San Sebastian’da bir pazar günü öğlen ne yenir? Ben yolumu her seferinde Pescadaria caddesine düşürüyorum. Önce Txepetxa’da birbirinden nefis ançüezli pintxoları (tapas) Bask bölgesinin köpüklü şarabı txakoli ile eşleştiriyorum. Yanına üstüne zeytinyağı dökülmüş söğüş ahtapotları da ekliyorum. Kimselere aldırış etmeden, barda her yere döke döke yiyorum. Keza sıcak çıtır ekmekler üzerinde gelen pavuryaları ve ançüezleri başka türlü yemek pek mümkün değil.

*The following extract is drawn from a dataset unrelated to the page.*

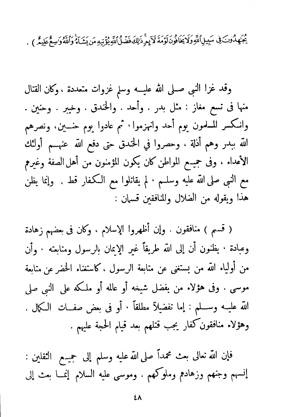 عَلَى الْمُؤْمِنِينَ أَعِزَّةً عَلَى الْكَافِرِينَ يُجَاهِدُونَ فِي سَبِيلِ اللَّهِ وَلَا يَخَافُونَ لَوْمَةَ لَائِمٍ ذَلِكَ فَضْلُ اللَّهِ يُؤْتِيهِ مَنْ يَشَاءُ وَاللَّهُ وَاسِعٌ عَلِيمٌ} . وَقَدْ غَزَا النَّبِيُّ صَلَّى اللَّهُ عَلَيْهِ وَسَلَّمَ غَزَوَاتٍ مُتَعَدِّدَةً وَكَانَ الْقِتَالُ مِنْهَا فِي تِسْعِ مَغَازٍ: مِثْلُ بَدْرٍ. وَأُحُدٍ. وَالْخَنْدَقِ. وَخَيْبَرَ. وَحُنَيْن. وَانْكَسَرَ الْمُسْلِمُونَ يَوْمَ أُحُدٍ وَانْهَزَمُوا ثُمَّ عَادُوا يَوْمَ حنين وَنَصَرَهُمْ اللَّهُ بِبَدْرِ وَهْم أَذِلَّةٌ وَحُصِرُوا فِي الْخَنْدَقِ حَتَّى دَفَعَ اللَّهُ عَنْهُمْ أُولَئِكَ الْأَعْدَاءَ وَفِي جَمِيعِ الْمُوَاطِنِ كَأَنْ يَكُونَ الْمُؤْمِنُونَ مِنْ أَهْلِ الصُّفَّةِ وَغَيْرِهِمْ مَعَ النَّبِيِّ صَلَّى اللَّهُ عَلَيْهِ وَسَلَّمَ لَمْ يُقَاتِلُوا مَعَ الْكُفَّارِ قَطُّ وَإِنَّمَا يَظُنُّ هَذَا وَيَقُولُهُ مِنْ الضُّلَّالِ وَالْمُنَافِقِينَ قِسْمَانِ: (قِسْمٌ مُنَافِقُونَ. وَإِنْ أَظْهَرُوا الْإِسْلَامَ وَكَانَ فِي بَعْضِهِمْ زَهَادَةٌ وَعِبَادَةٌ يَظُنُّونَ أَنَّ إلَى اللَّهِ طَرِيقًا غَيْرَ الْإِيمَانِ بِالرَّسُولِ وَمُتَابَعَتَهُ وَأَنَّ مِنْ أَوْلِيَاءِ اللَّهِ مَنْ يَسْتَغْنِي عَنْ مُتَابَعَةِ الرَّسُولِ كَاسْتِغْنَاءِ الْخَضِرِ عَنْ مُتَابَعَةِ مُوسَى. وَفِي هَؤُلَاءِ مَنْ يُفَضِّلُ شَيْخَهُ أَوْ عَالِمَهُ أَوْ مَلِكَهُ عَلَى النَّبِيِّ صَلَّى اللَّهُ عَلَيْهِ وَسَلَّمَ إمَّا تَفْضِيلًا مُطْلَقًا أَوْ فِي بَعْضِ صِفَاتِ الْكَمَالِ. وَهَؤُلَاءِ مُنَافِقُونَ كُفَّارٌ يَجِبُ قَتْلُهُمْ بَعْدَ قِيَامِ الْحُجَّةِ عَلَيْهِمْ. فَإِنَّ اللَّهَ تَعَالَى بَعَثَ مُحَمَّدًا صَلَّى اللَّهُ عَلَيْهِ وَسَلَّمَ إلَى جَمِيعِ الثَّقَلَيْنِ: إنْسِهِمْ وَجِنِّهِمْ وَزُهَّادِهِمْ وَمُلُوكِهِمْ. وَمُوسَى عَلَيْهِ السَّلَامُ إنَّمَا بُعِثَ إلَى

Sonra Bar Nestor’a geçiyorum. Orada en sevdiğim şey kızarmış küçük yeşil biberler (Pimientos de Padron).
Yanına kokusunu onlarca metre uzaktan alabildiğiniz domatesler geliyor. Üstünde harika bir zeytinyağı ve deniz tuzu ile birlikte.
Bir diğer spesiyal olan dana eti ise her zaman aynı kalitede olmuyor. Bazen sert geliyor. En yağlı olanını seçin. Nestor onu sizin için pişirsin.
Bu güzel öğle saatleri, yazın denizden kurt gibi aç çıkınca daha da anlamlı oluyor. San Sebastian’ın metrekareye en çok michelin yıldızı düşen, sofistike bir yer olduğunu unutup, fiyat/kalite dengesinde sizi çok mutlu eden pintxos barlarına kendinizi atıyorsunuz. Yukarıda tuttukları şişelerden dökülen txakoli şaraplar bardağınızda köpürürken, siz de taze deniz mahsullerinin keyfini çıkarıyorsunuz.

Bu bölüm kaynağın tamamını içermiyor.